§ **Provided data**:
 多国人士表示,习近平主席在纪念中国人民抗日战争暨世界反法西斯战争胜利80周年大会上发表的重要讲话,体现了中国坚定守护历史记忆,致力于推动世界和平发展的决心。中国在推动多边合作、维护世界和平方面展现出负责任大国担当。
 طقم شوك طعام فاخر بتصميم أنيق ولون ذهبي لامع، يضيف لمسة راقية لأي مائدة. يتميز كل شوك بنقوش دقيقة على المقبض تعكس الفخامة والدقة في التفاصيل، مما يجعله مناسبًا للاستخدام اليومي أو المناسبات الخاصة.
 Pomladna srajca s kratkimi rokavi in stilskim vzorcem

--

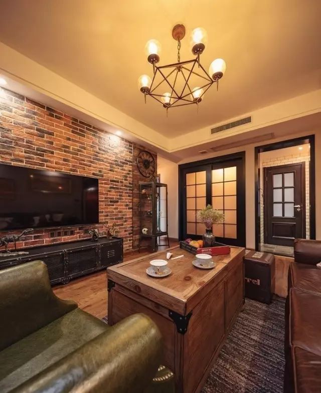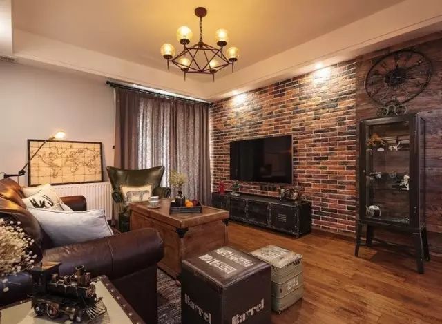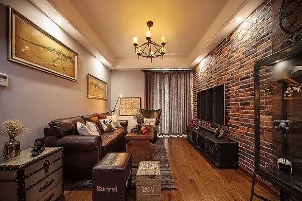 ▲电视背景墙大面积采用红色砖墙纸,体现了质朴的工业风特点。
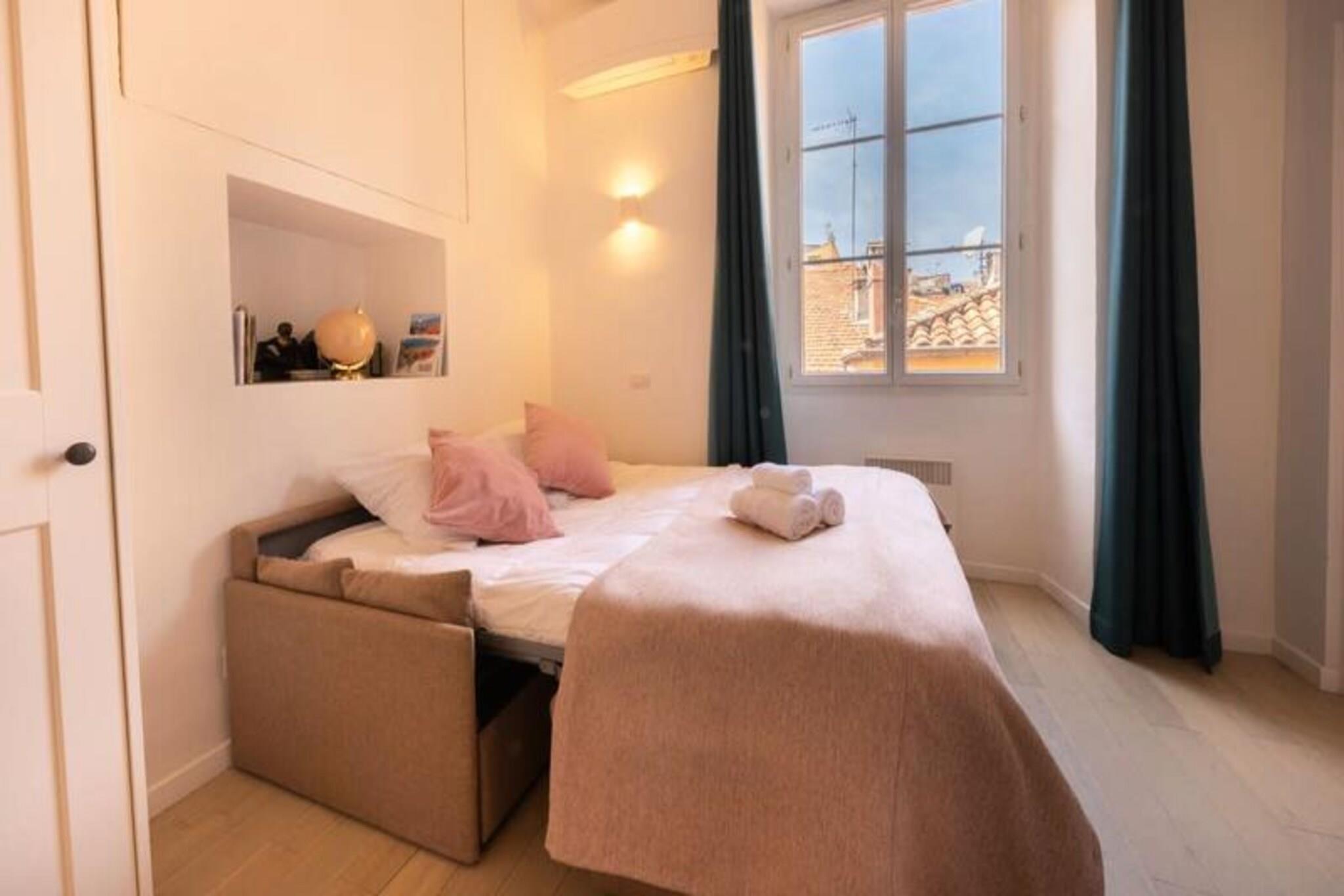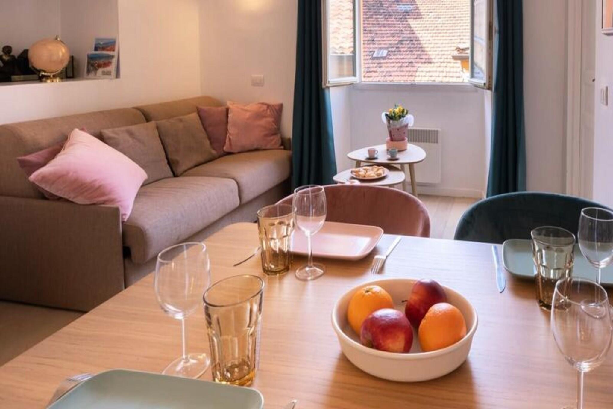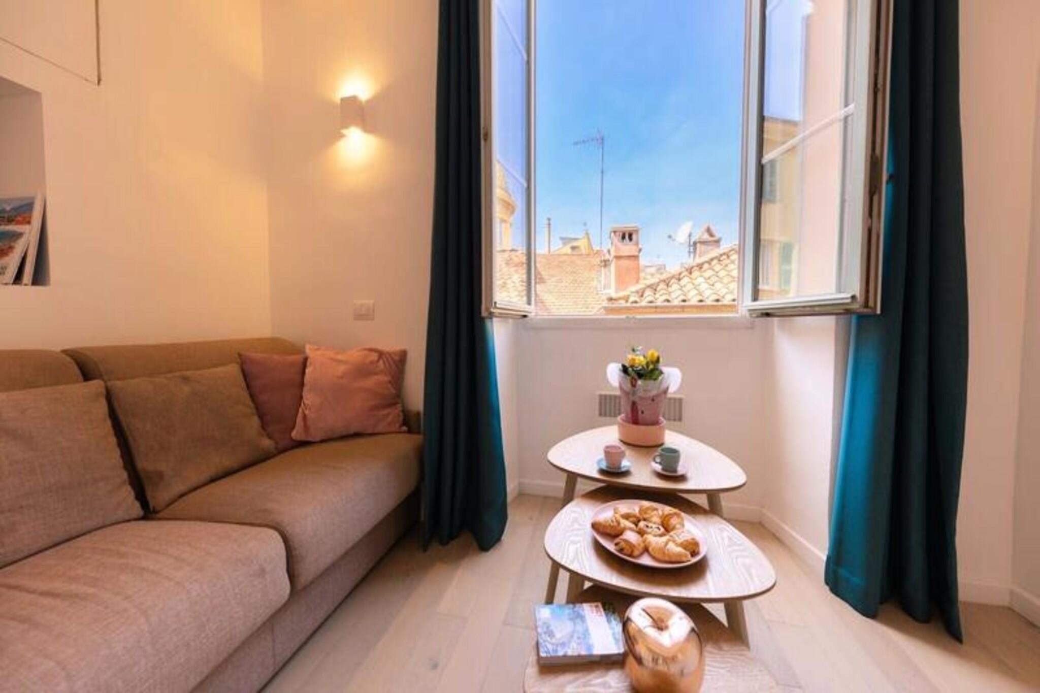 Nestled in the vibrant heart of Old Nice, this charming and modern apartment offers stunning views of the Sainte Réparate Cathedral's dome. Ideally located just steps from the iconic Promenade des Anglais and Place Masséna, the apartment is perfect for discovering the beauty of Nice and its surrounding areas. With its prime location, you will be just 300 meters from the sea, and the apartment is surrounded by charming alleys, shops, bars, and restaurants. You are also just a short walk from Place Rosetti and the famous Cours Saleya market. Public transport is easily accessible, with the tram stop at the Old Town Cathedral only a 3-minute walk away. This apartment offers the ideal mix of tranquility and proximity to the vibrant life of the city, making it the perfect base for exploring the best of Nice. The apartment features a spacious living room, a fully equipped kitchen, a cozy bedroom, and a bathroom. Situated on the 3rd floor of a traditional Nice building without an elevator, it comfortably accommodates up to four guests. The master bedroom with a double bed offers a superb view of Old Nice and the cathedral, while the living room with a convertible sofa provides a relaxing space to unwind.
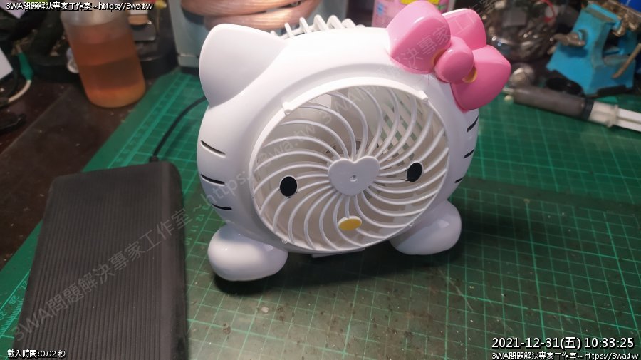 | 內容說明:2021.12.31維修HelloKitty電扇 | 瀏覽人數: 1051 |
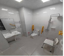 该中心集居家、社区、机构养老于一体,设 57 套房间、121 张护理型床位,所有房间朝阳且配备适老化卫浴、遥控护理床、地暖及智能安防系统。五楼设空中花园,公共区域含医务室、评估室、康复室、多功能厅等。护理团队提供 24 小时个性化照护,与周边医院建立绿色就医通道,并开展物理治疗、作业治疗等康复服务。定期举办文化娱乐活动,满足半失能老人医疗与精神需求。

§ **What to work on**: Retype, in the same exact form, the lines of the material above from the line holding "多国人士表示,习近平主席在纪" through the line holding "Pomladna srajca s".

§ **Answer box**:
 多国人士表示,习近平主席在纪念中国人民抗日战争暨世界反法西斯战争胜利80周年大会上发表的重要讲话,体现了中国坚定守护历史记忆,致力于推动世界和平发展的决心。中国在推动多边合作、维护世界和平方面展现出负责任大国担当。
 طقم شوك طعام فاخر بتصميم أنيق ولون ذهبي لامع، يضيف لمسة راقية لأي مائدة. يتميز كل شوك بنقوش دقيقة على المقبض تعكس الفخامة والدقة في التفاصيل، مما يجعله مناسبًا للاستخدام اليومي أو المناسبات الخاصة.
 Pomladna srajca s kratkimi rokavi in stilskim vzorcem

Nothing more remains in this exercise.